Okey Ndibe
Okey Ndibe teaches fiction and African literature at Trinity College in Hartford, CT, and teaches a seminar in Africana literature at Brown University, Providence, RI. He is the author of the novel, Arrows of Rain, which has drawn praise from numerous critics and authors, including Nobel laureate Wole Soyinka, John Edgar Wideman, and Michael Thelwell. U.K-based New Internationalist magazine described Arrows of Rain as “a powerful and gritty debut.” Ndibe, who has just finished a forthcoming novel titled foreign gods, incorporated, also co-edited (with Chenjerai Hove) Writers, Writing on Conflicts and Wars in Africa.

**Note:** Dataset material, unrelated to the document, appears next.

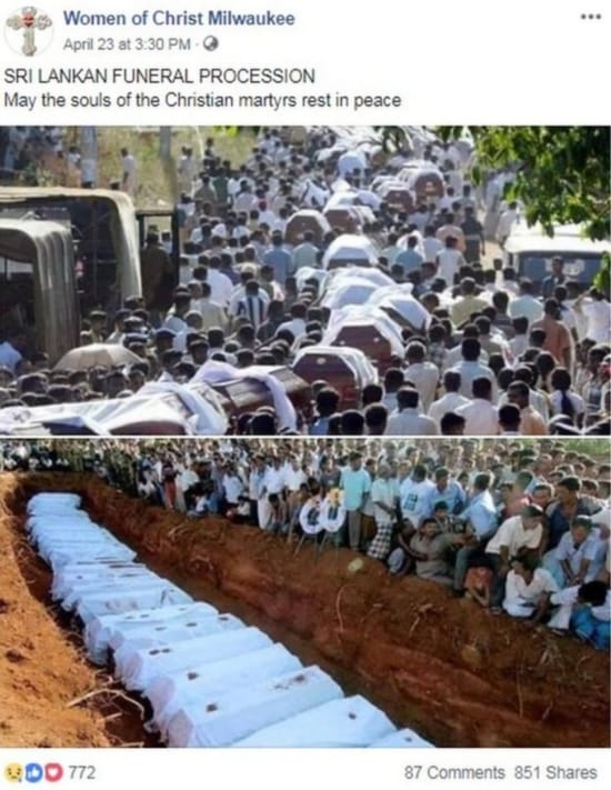 इन ताबूतों के पास भारी भीड़ भी नजर आ रही है। सोशल मीडिया पर कई लोग इन तस्वीरों को शेयर करते हुए दावा कर रहे हैं कि ये श्रीलंका हमले के बाद की हैं। लेकिन हमारी पड़ताल में सामने आया है कि ये तस्वीरें श्रीलंका हमले के बाद नहीं हैं बल्कि 13 साल पुरानी हैं।

Ndibe, who earned an MFA and PhD in English from the University of Massachusetts at Amherst, has taught at Connecticut College in New London, CT, Simon's Rock College of Bard in Great Barrington, MA, and as a Fulbright Scholar at the University of Lagos, Nigeria.
He served as the founding editor of African Commentary, a now defunct magazine published in the U.S. by novelist Chinua Achebe. From 2000 to 2001, he served on the editorial board of Hartford Courant where his piece, “Eyes to the Ground: The Perils of the Black Student,” won the 2001 Association of Opinion Page Editors award for best opinion essay in an American newspaper.
He contributes to several publications in the U.S., England, and elsewhere, including Financial Times, Hartford Courant, The Fabian Society Journal, BBC online, www.guernicamag.com and www.drunkenboat.com.
Ndibe is currently working on Doing Dutch In America, a memoir of his life in the US.